## Activity:
Only the text should come through, so restate the listing exactly and drop its images.

## Dataset section:
● ● ●
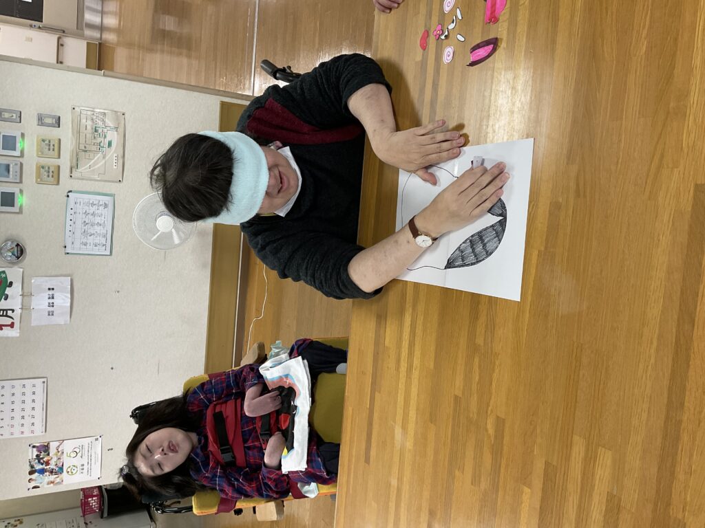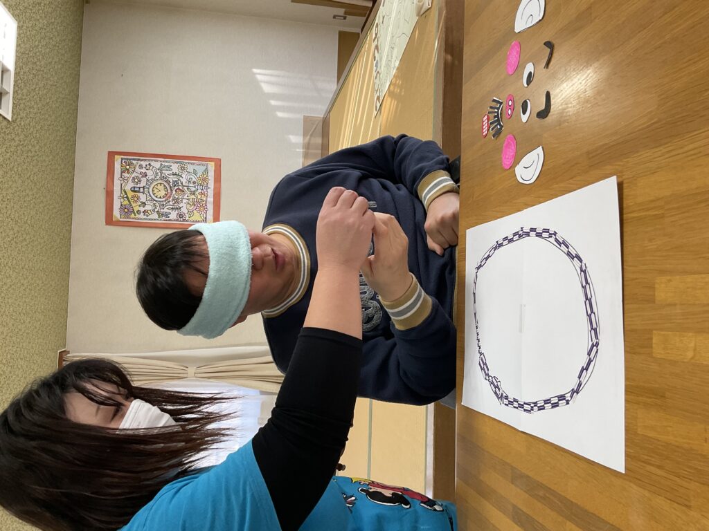タオルで目隠しをして、他の利用者さんの声を頼りに、顔のパーツを1つずつ楽しく置いていきました。
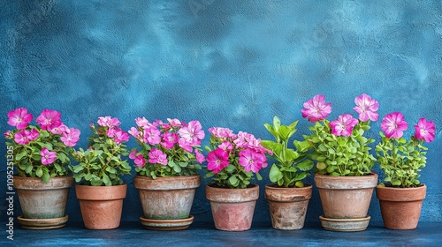 Pink Petunia Flowers in Terracotta Pots Blue Background
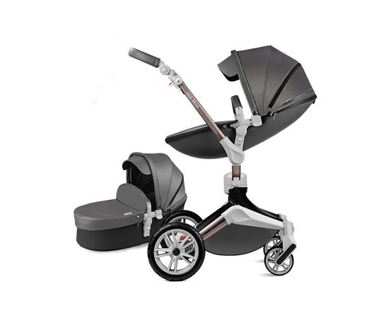 Детская коляска 2в1 Hot Mom 360º F23, экокожа, темносерый
● ● ●
## Solution below:
タオルで目隠しをして、他の利用者さんの声を頼りに、顔のパーツを1つずつ楽しく置いていきました。
 Pink Petunia Flowers in Terracotta Pots Blue Background
 Детская коляска 2в1 Hot Mom 360º F23, экокожа, темносерый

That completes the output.